### Data shown

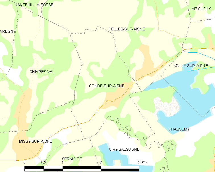 Map of French commune: Condé-sur-Aisne Map commune FR insee code 02210.png
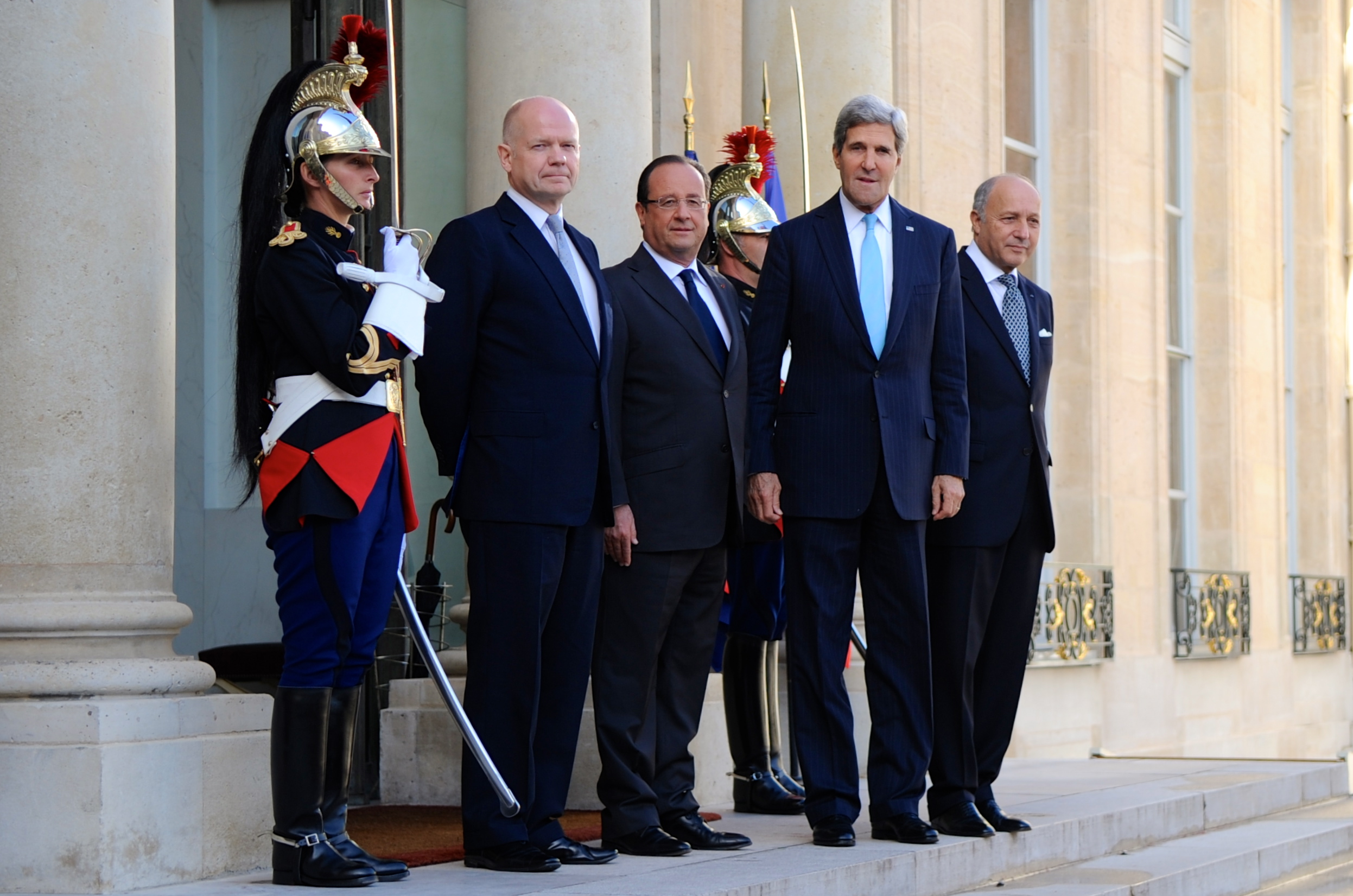 U.S. Secretary of State John Kerry, along with British Foreign Secretary William Hague and French Foreign Minister Laurent Fabius, are welcomed to Elysee Palace by French President Francois Hollande before a P3 meeting, focused on Syria and its chemical weapons stock, in Paris on September 16, 2013. [State Department photo/ Public Domain]
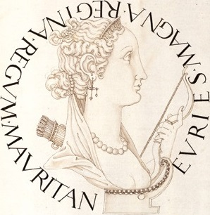 Queen Eunoë
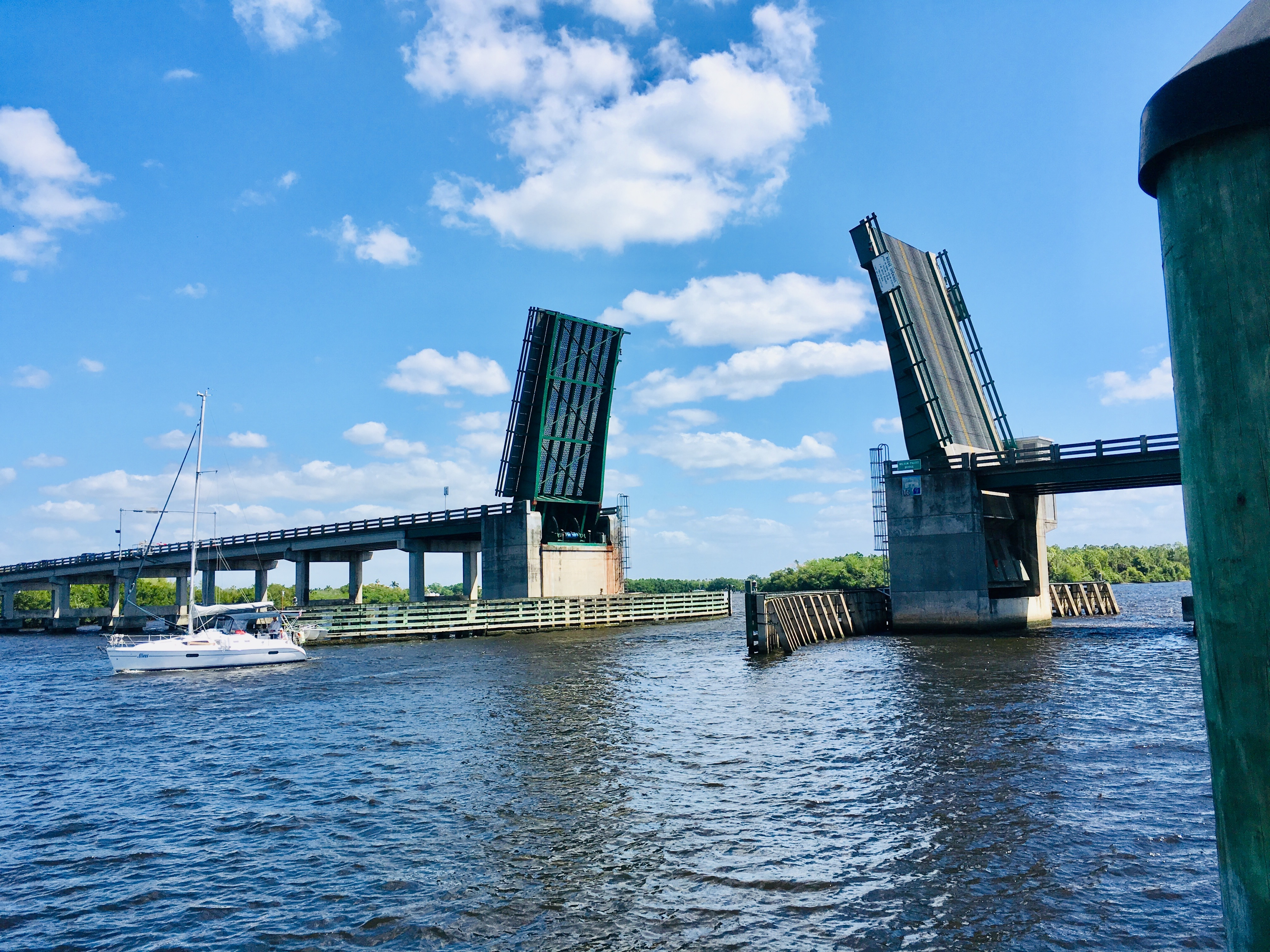 Wilson Pigott Bridge open for vessel traffic

######

[Try it]: Write out all the material verbatim, images excluded.

[Output for this task]:
 Map of French commune: Condé-sur-Aisne Map commune FR insee code 02210.png
 U.S. Secretary of State John Kerry, along with British Foreign Secretary William Hague and French Foreign Minister Laurent Fabius, are welcomed to Elysee Palace by French President Francois Hollande before a P3 meeting, focused on Syria and its chemical weapons stock, in Paris on September 16, 2013. [State Department photo/ Public Domain]
 Queen Eunoë
 Wilson Pigott Bridge open for vessel traffic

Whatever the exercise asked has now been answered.